The new guidelines did away with several longtime recruiting provisions, including a prohibition on recruiting first-year law students until Dec. 1, which was intended to allow them to focus solely on their studies in the first semester. The new guidelines also eliminate the 28-day period in which law students can hold summer associate offers open as they choose between firms. That means so-called exploding offers, in which firms require students to accept an offer in fewer than 28 days lest it be rescinded, are officially allowed, though individual law schools may prohibit them.

That 28-day waiting period may make sense for a large firm office with many summer associate slots, but the timing can be burdensome for smaller offices looking for five or fewer summer associates, Leipold said.

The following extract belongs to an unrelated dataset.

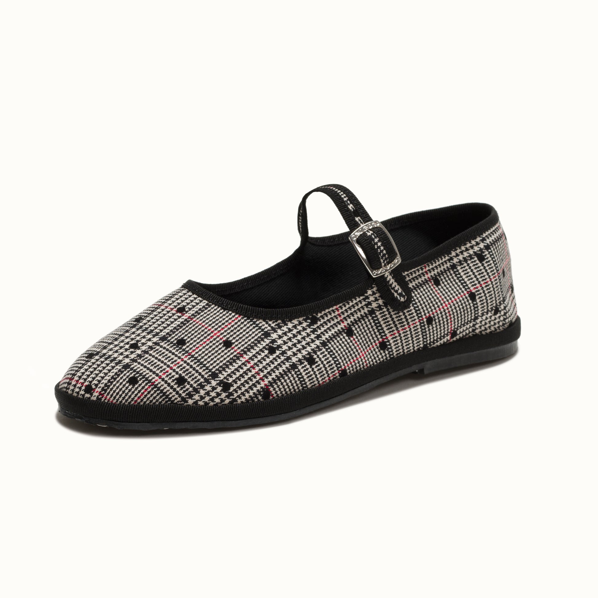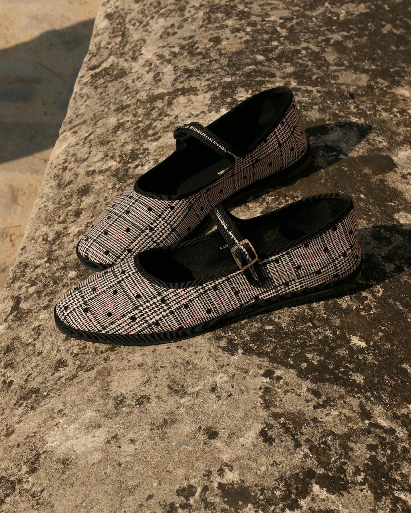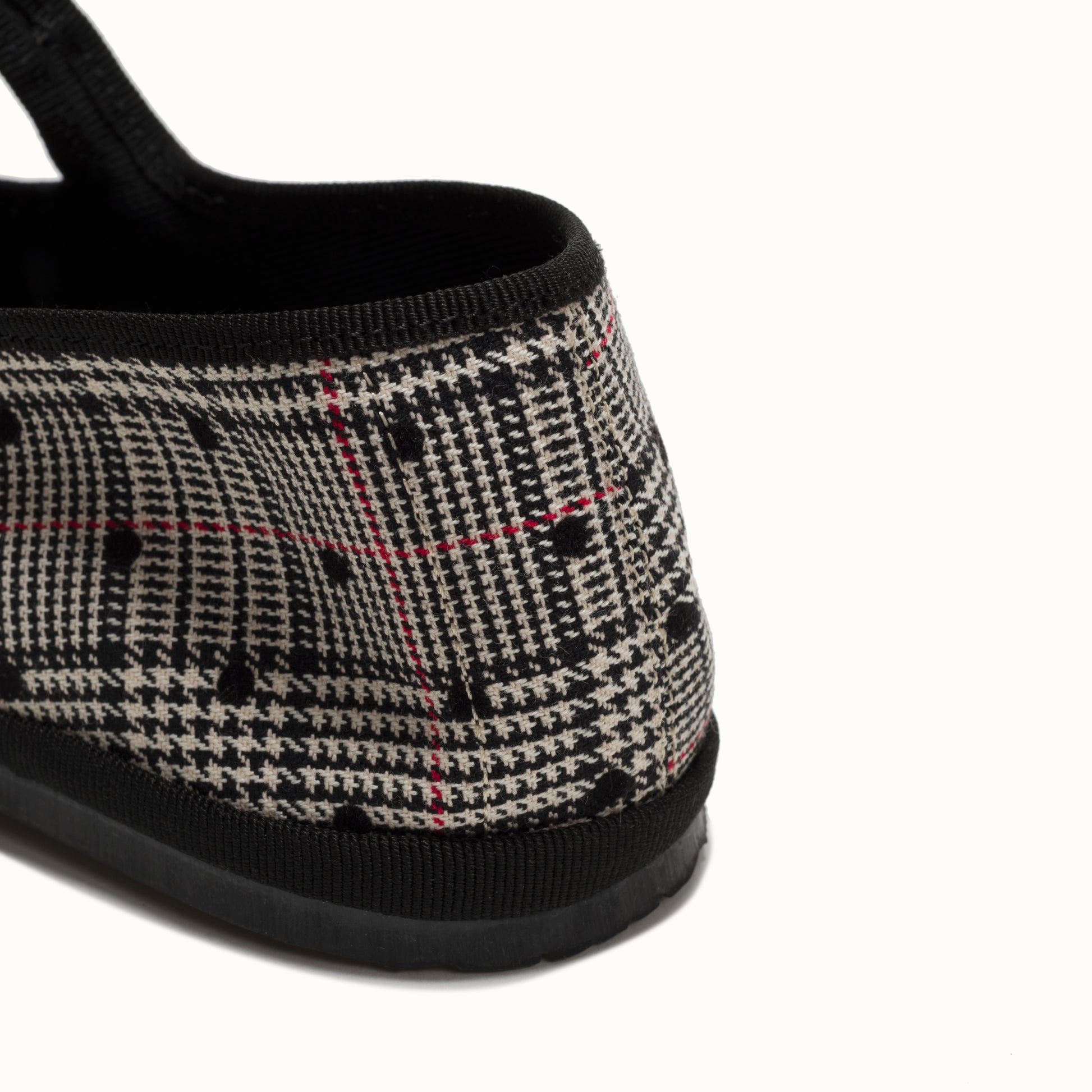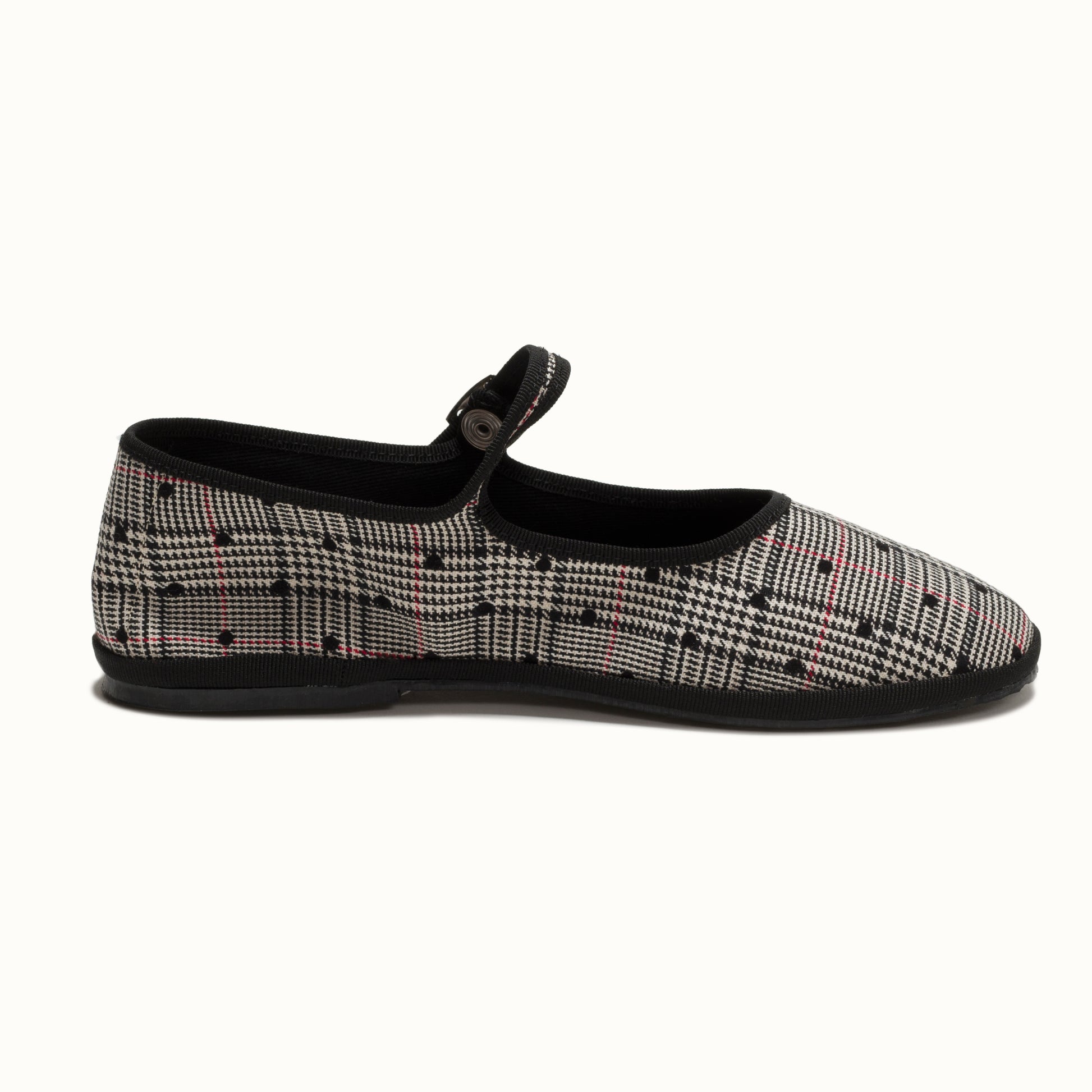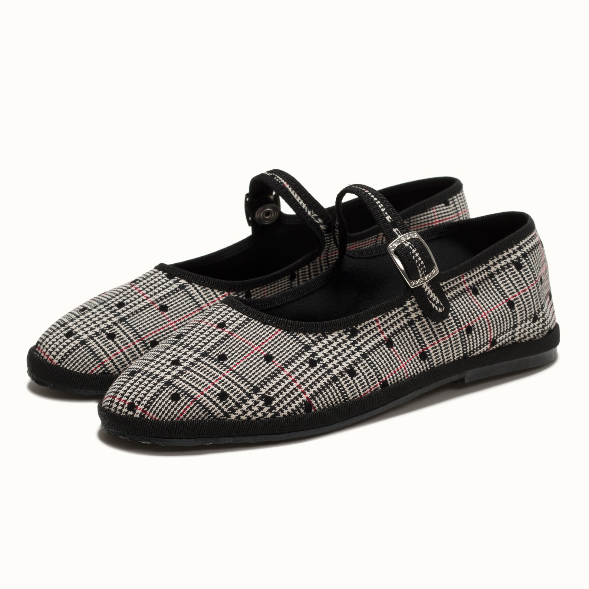Maryjane embout rond en tissu Prince de Galles noir à pois noirs.

In place of NALP's recommended recruiting timeline is a more general set of principles that call on employers, schools, and students to be fair and transparent.

Mark Weber, dean of career services at Harvard, said the school wanted to announce a recruiting policy as quickly as possible in the wake of NALP's announcement in order to prepare for the upcoming on-campus interview program and to help inform that larger summer associate recruiting discussion. He and his colleagues spent the semester break digesting the changes NALP had made before announcing in early January that the school would stick with the previous timeline for the 2019 recruiting cycle.

“After [the NALP announcement] came out, I probably got about 50 calls from employers and schools,” Weber said. “The calls basically went as follows: 'What is Harvard going to do? What are you thinking?' We wanted to come out with something so that employers could plan accordingly and so other schools could look at it and see what we're doing. By putting something out there, it gave other schools comfort in making a decision.”

Yet other schools are taking their time and gathering input from constituents before deciding how to proceed with on-campus interviews, which begin in late July at some schools and continue through August.

Georgetown University Law Center has been in conversations with employers and has held focus groups with second- and third-year students who have gone through the summer associate recruiting process while it devises its hiring guidelines, said Amy Jones Mattock, the senior director of the school's office of career strategy. (Jones is member of the NALP board that devised the new guidelines, but does not speak on behalf of the board.)

“We've thought through different scenarios with regard to what we might propose as our own timing guidelines,” she said. “We have been working really hard to come up with guidelines we believe will best position our students and satisfied the varied employers we have who come to our campus.”

Columbia Law School, which sends a higher percentage of graduates into large firm associate jobs than any other school, is also asking for feedback from employers before deciding what guidelines will be in place for the upcoming on-campus interview season, said Dean of Career Services Marta Ricardo. She hopes to unveil those guidelines by the end of the spring semester.

The University of Virginia School of Law is taking a somewhat different approach and not yet involving employers in its early discussions about how it will proceed, according to Assistant Dean for Career Services Kevin Donovan. Those talks are instead happening among administrators. “We're trying to focus on what's in the best interest of our students, and build any guidelines we have based upon that,” he said.

Stephen Gill, a partner and chairman of talent management at Vinson & Elkins, said he ultimately expects schools and firms to settle into some widely accepted recruiting practices and doesn't foresee a free-for-all. But he predicted that firms will begin outreach to first-year law students earlier now that the Dec. 1 rule no longer exists. An extended recruiting season could have its downsides, however.

“The last thing the law firms want to do is make recruiting a 365-day event. That's not in the best interest of the law students either because they need to focus on their studies,” Gill said. “But we're not going to want to be at a competitive disadvantage if other law firms are pushing up recruiting. We would be in favor of the schools imposing some limitations on what firms can reach out.”